En su administración se establecieron las Oficinas de Intereses -especie de consulados- en La Habana y Washington, se delimitaron las fronteras marítimas entre Cuba, Estados Unidos y México, y se reconoció el derecho de los ciudadanos cubano-norteamericanos a viajar a la isla, limitado por las siguientes administraciones.

Carter viajó a Cuba en 2002, invitado por Fidel Castro, quien dijo que siempre tuvo una buena opinión del expresidente «como un hombre de ética, de moral».

«Aunque era jefe de un imperio odioso tenía calidad humana, no era asesino ni genocida (…) era un hombre decente, lo más que puede serlo alguien que está gobernando un país con tantos intereses, privilegios y tanto poder», expresó después al periodista francés Ignacio Ramonet.

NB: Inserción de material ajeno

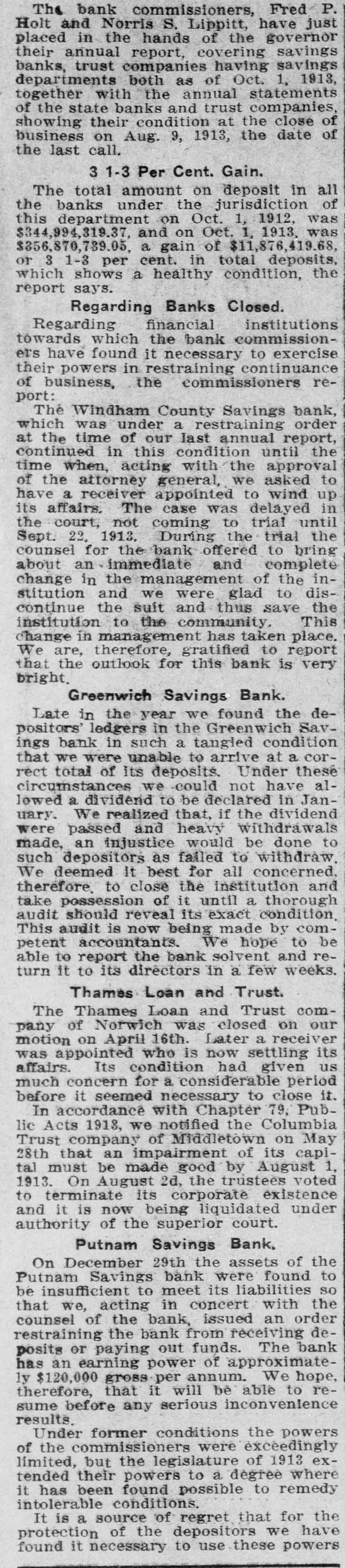 bank commissioners, Fred P. The and Norris S. Lippitt, have governor just Holt in the hands of the savings placed annual report, covering savings their trust companies having 1913, departments banks, both as of Oct. statements 1, with the annual companies, together of the state banks and trust close of their condition at the date of business showing on Aug. 9, 1913, the the last call. 3 1-3 Per Cent. Gain. total amount on deposit in all The banks under the jurisdiction was of the this department on Oct. 1, 1912, 1913. was $344,994,319.37, and on Oct. 1. $356,870,739.05, a gain of $11,876,419.68, 3 1-3 per cent. in total deposits, the or which shows a healthy condition, report says. Regarding Banks Closed. Regarding financial institutions towards which the bank commissionhave found it necessary to exercise et's their powers in restraining continuance reof business, the commissioners port: The Windham County Savings bank, which was under a restraining order at the time of our last annual report, the continued in this condition until time when, acting with the approval to of the attorney general, we asked have a receiver appointed to wind up in its affairs. The case was delayed the court, not coming to trial until the Sept. 22. 1913. During the trial counsel for the bank offered to bring about an immediate and complete change in the management of the dis- institution and we were glad to continue the suit and thus save This the institution to the community, change in management has taken place. We are, therefore, gratified to report that the outlook for this bank is very bright. Greenwich Savings Bank. Late in the year we found the depositors' ledgers in the Greenwich Savings bank in such a tangled condition that we were unable to arrive at a correct total of its deposits. Under these circumstances we could not have allowed a dividend to be declared in January. We realized that, if the dividend were passed and heavy withdrawals made, an injustice would be done to as failed to It best for all to close the such therefore. We deemed depositors institution concerned, withdraw. thorough and take possession of it until a audit should reveal its exact condition. This audit is now being made by com- be petent accountants. We hope to able to report the bank solvent and return it to its directors in a few weeks. Thames Loan and Trust. The Thames Loan and Trust comof Norwich was closed on our motion pany on April 16th. Later a receiver was appointed who is now settling its affairs. Its condition had given us much concern for a considerable period before it seemed necessary to close it. In accordance with Chapter 79, Public Acts 1913, we notified the Columbia Trust company of Middletown on May 28th that an impairment of its capital must be made good by August 1. 1913. On August 2d, the trustees voted to terminate its corporate existence and it is now being liquidated under authority of the superior court. Putnam Savings Bank, On December 29th the assets of the Putnam Savings bank were found to be insufficient to meet its liabilities so that we, acting in concert with the counsel of the bank, issued an order restraining the bank from receiving deposits or paying out funds. The bank has an earning power of approximately $120,000 gross per annum. We hope, therefore, that it will be able to resume before any serious inconvenience results. Under former conditions the powers of the commissioners were exceedingly limited, but the legislature of 1913 extended their powers to a degree where it has been found possible to remedy intolerable conditions. It is a source of regret that for the protection of the depositors we have found it necessary to use these powers
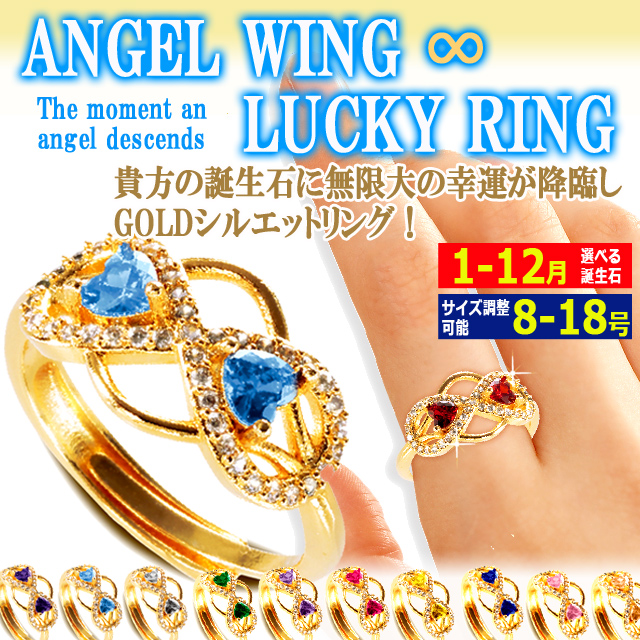 エンジェルウイング∞!バースデーリングプレミアムGOLD ジルコニア 誕生石 無限大 幸運 サイズ調整可能 ラッキーストーン 指輪 アクセサリー

Los períodos de los republicanos Ronald W. Reagan (1981-1989) y George H. W, Bush (1989-1993) continuaron el camino iniciado por Eisenhower mientras el demócrata William F. Clinton (1993-2001) sancionó en 1996 la denominada Ley Helms-Burton, que endureció aún más las acciones de la Ley Torricelli, firmada por Bush (padre) en 1992.

La administración de su hijo George W. Bush (2001-2009) ha sido una de las más agresivas contra Cuba y entre sus medidas se hallan las restricciones de los viajes de los cubano-americanos a la isla y de los montos de las remesas a sus familiares.

Obama derogó esas dos últimas acciones y flexibilizó los viajes de naturaleza académica, científica, aunque los de ciudadanos estadounidenses a la isla requieren de licencias gubernamentales, sujetas a estrictos requisitos.

Cuba ha denunciado que durante la actual administración el férreo bloqueo se ha endurecido cada día, sobre todo por la persecución a las transacciones y a compañías extranjeras con vínculos con la nación caribeña, pese a la oposición de la inmensa mayoría de los países del mundo.

En sus próximos cuatro años de gobierno, el mandatario tiene la posibilidad de eliminar el último rezago de la Guerra Fría, para lo cual no solo cuenta con el apoyo de la comunidad internacional sino la mayoritaria población de los Estados Unidos.